■ Problem ■
The expected output is an exact copy of the lines from the one containing "A ROBERT BARRON" through the final line of the entries below, with no images.
□ □ □ □ □ □ □
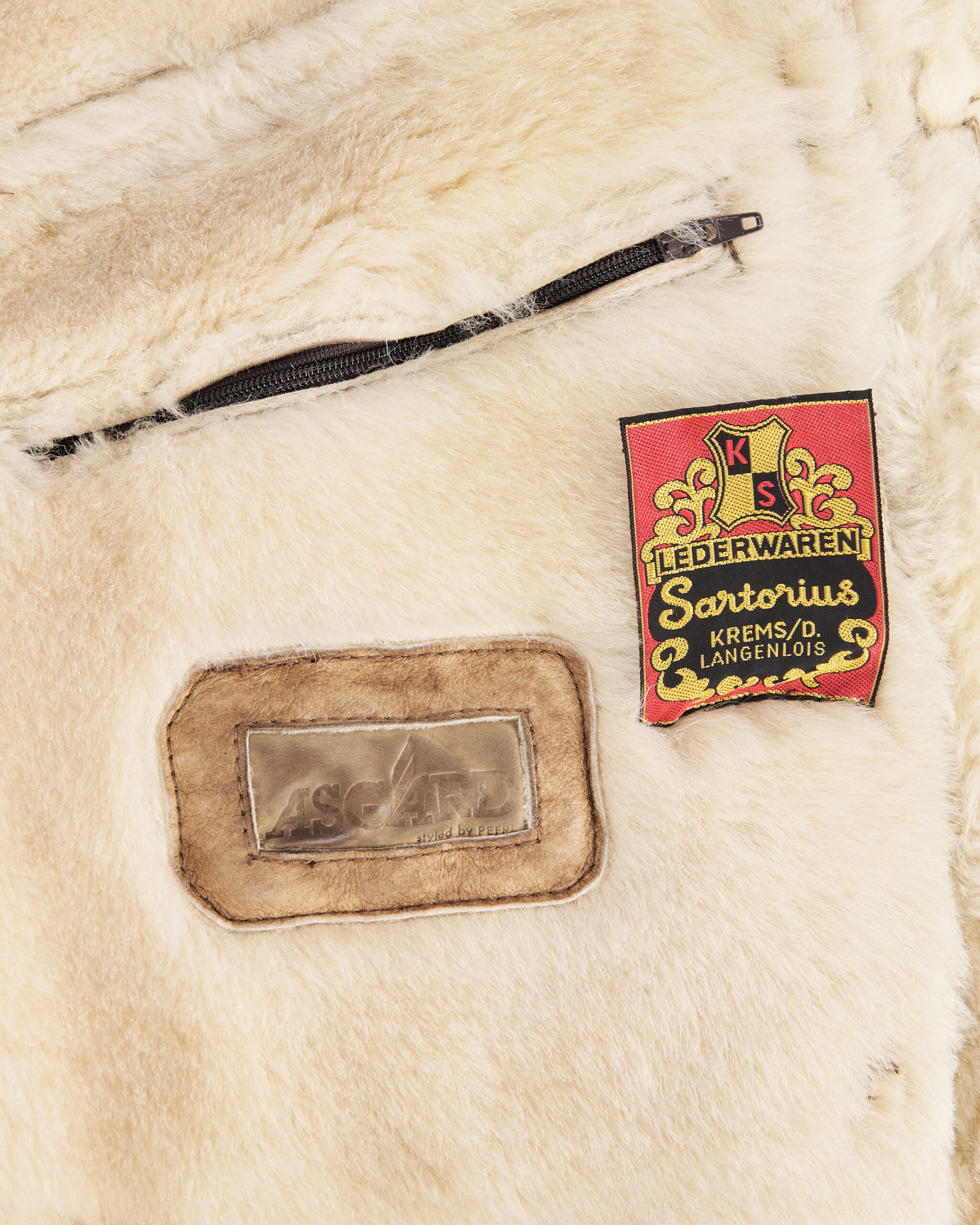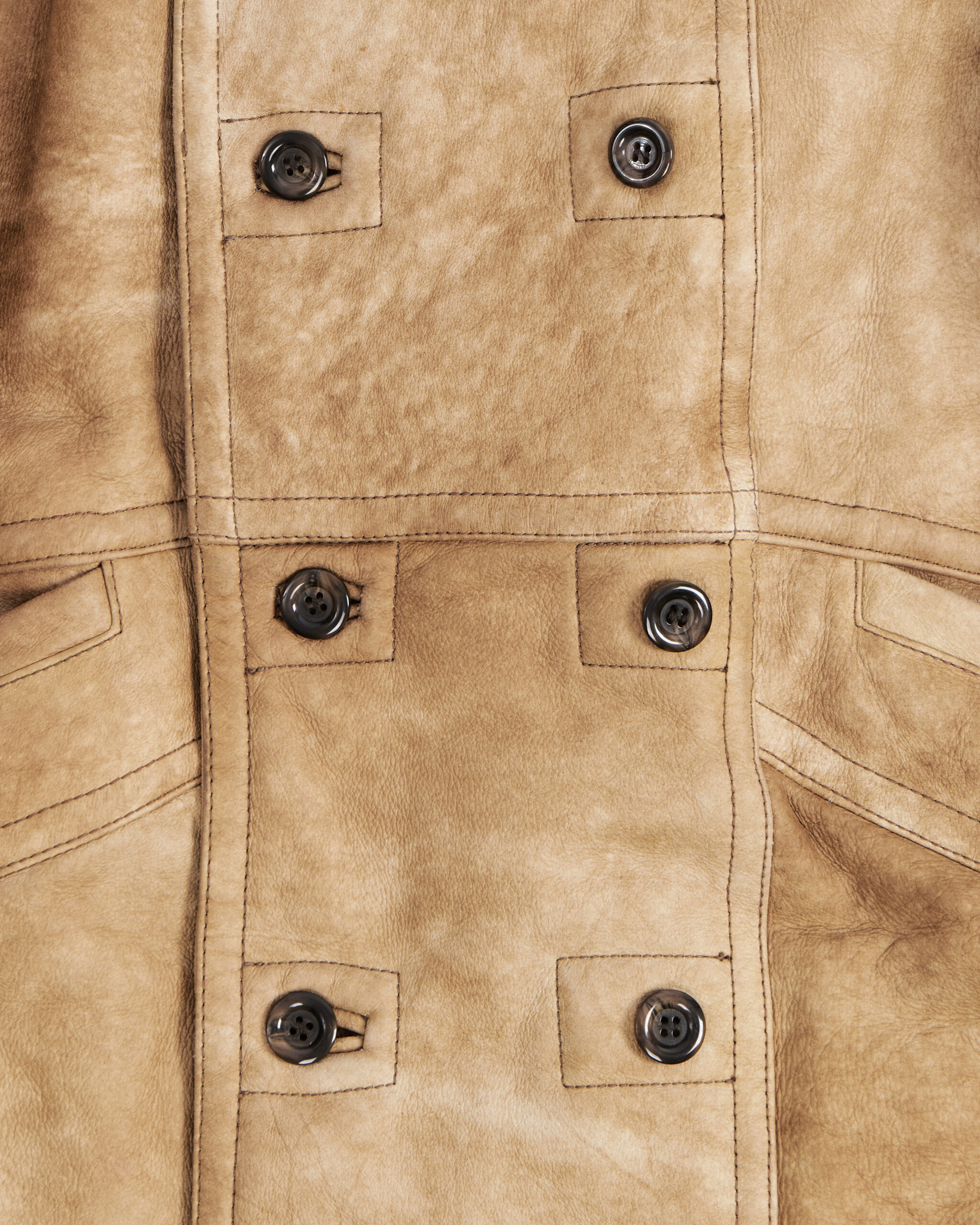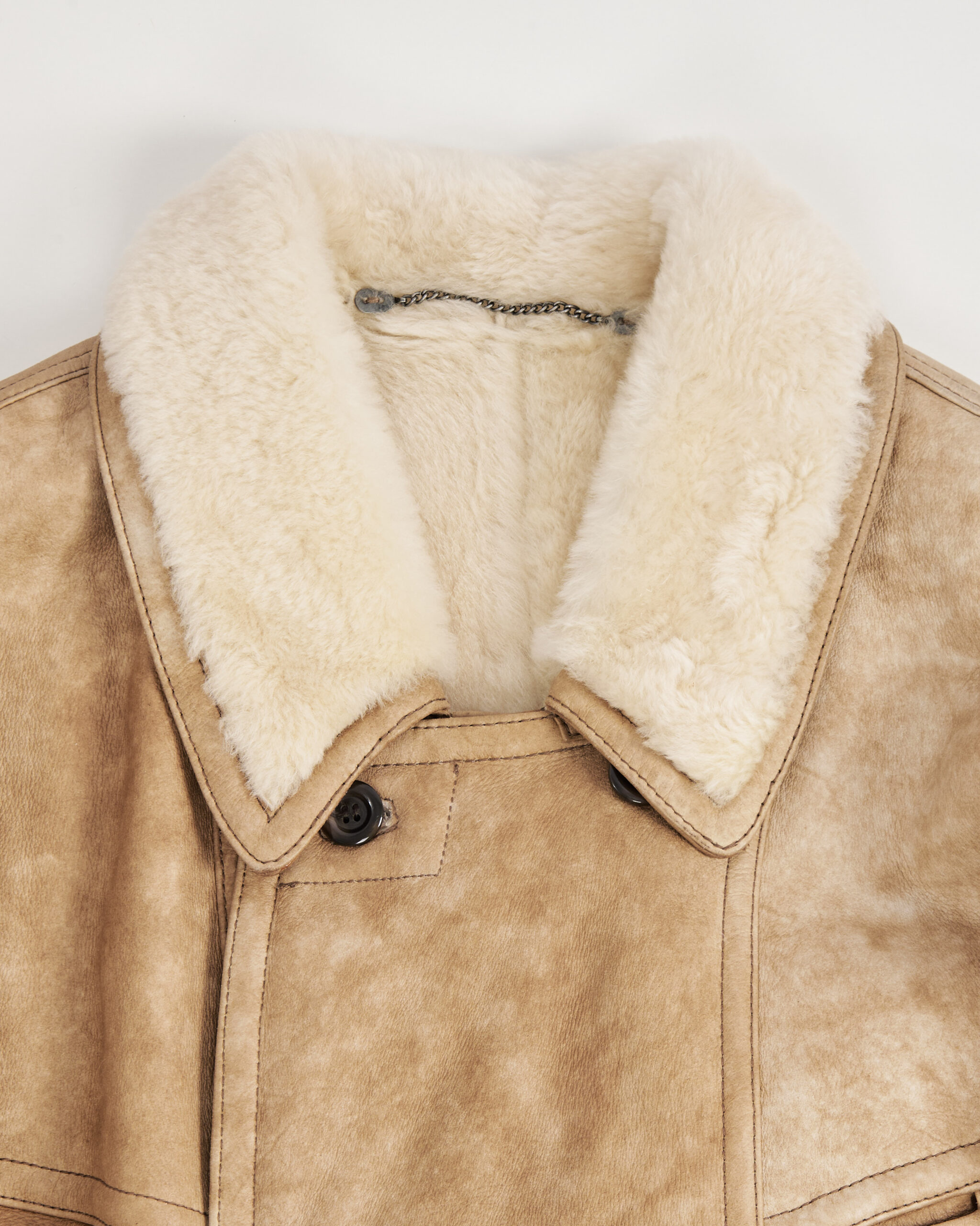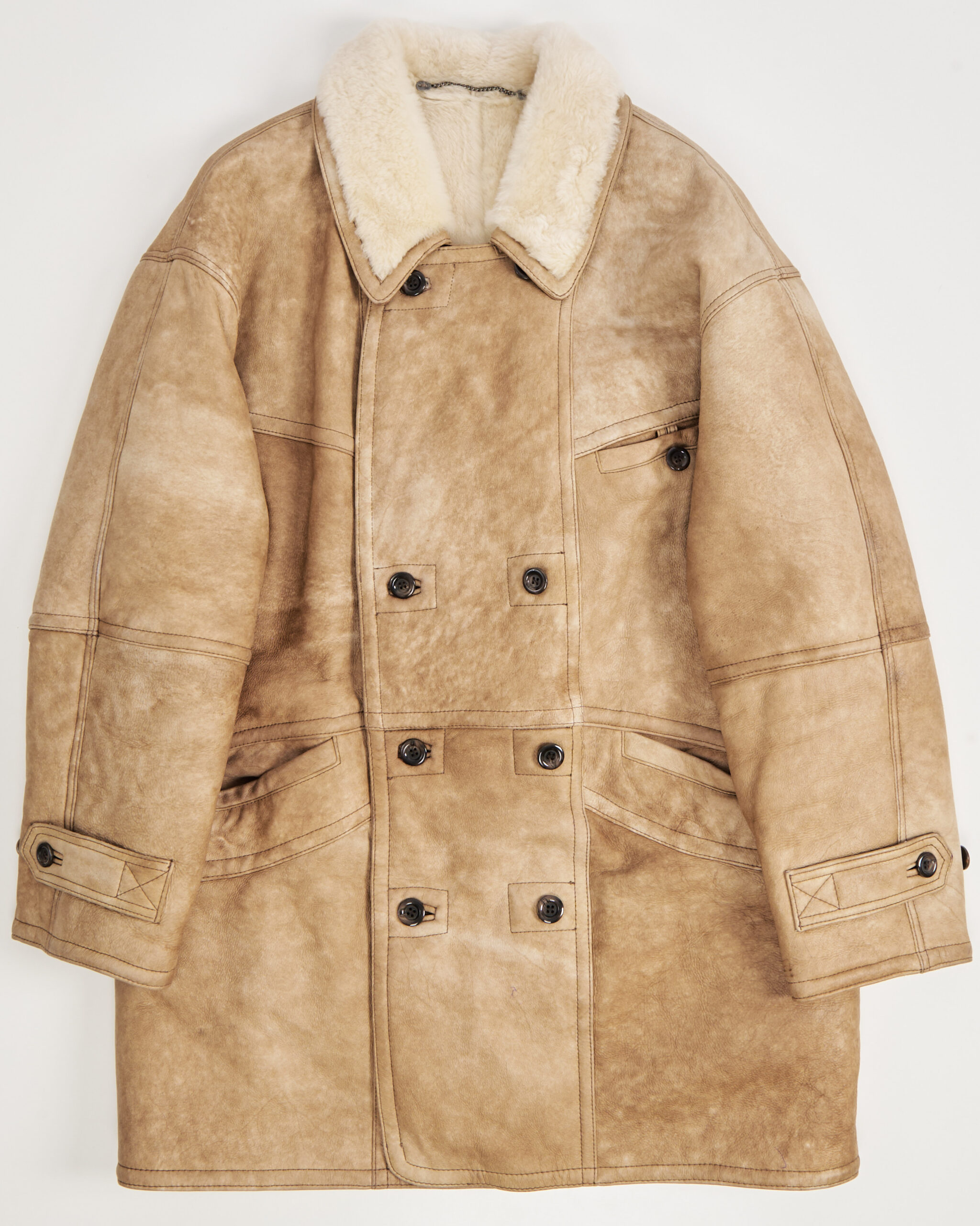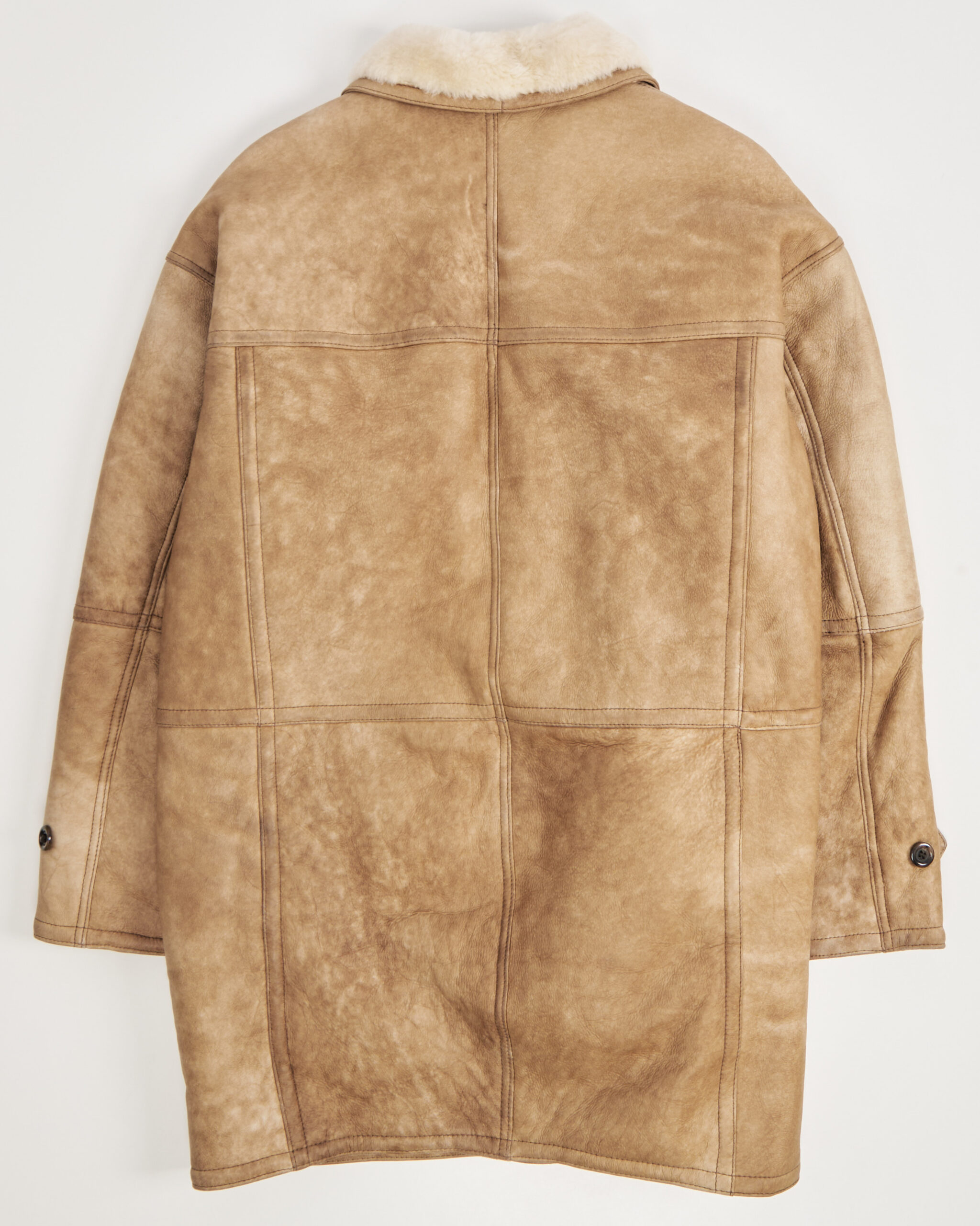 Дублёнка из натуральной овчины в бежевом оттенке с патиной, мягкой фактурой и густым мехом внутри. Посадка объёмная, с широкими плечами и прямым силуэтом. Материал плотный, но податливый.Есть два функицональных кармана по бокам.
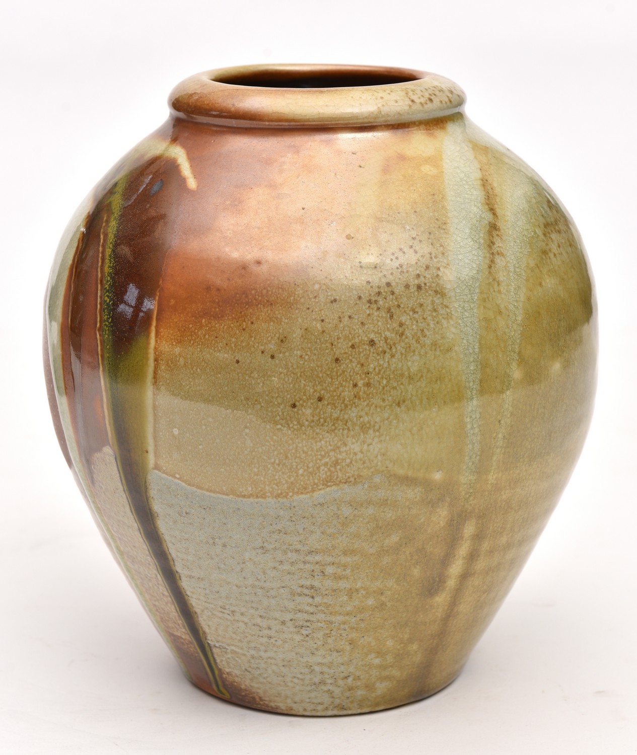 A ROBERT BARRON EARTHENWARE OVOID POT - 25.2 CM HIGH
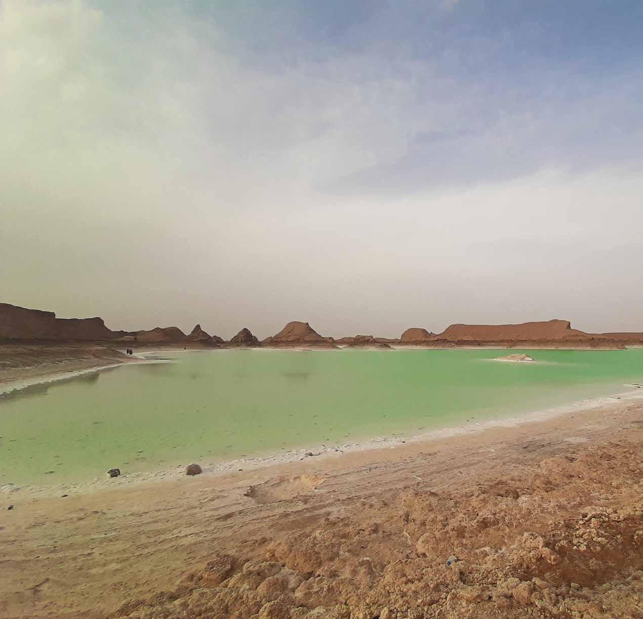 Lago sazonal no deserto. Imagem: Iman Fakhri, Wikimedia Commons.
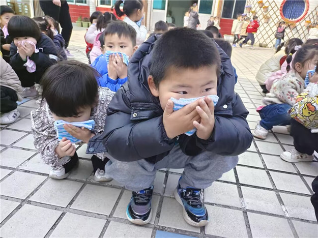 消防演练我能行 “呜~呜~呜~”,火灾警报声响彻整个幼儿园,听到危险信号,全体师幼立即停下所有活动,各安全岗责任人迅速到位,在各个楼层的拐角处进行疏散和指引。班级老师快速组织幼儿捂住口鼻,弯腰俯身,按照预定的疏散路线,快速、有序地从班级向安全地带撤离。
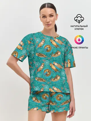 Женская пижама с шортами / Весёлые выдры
□ □ □ □ □ □ □
■ Worked solution ■
 A ROBERT BARRON EARTHENWARE OVOID POT - 25.2 CM HIGH
 Lago sazonal no deserto. Imagem: Iman Fakhri, Wikimedia Commons.
 消防演练我能行 “呜~呜~呜~”,火灾警报声响彻整个幼儿园,听到危险信号,全体师幼立即停下所有活动,各安全岗责任人迅速到位,在各个楼层的拐角处进行疏散和指引。班级老师快速组织幼儿捂住口鼻,弯腰俯身,按照预定的疏散路线,快速、有序地从班级向安全地带撤离。
 Женская пижама с шортами / Весёлые выдры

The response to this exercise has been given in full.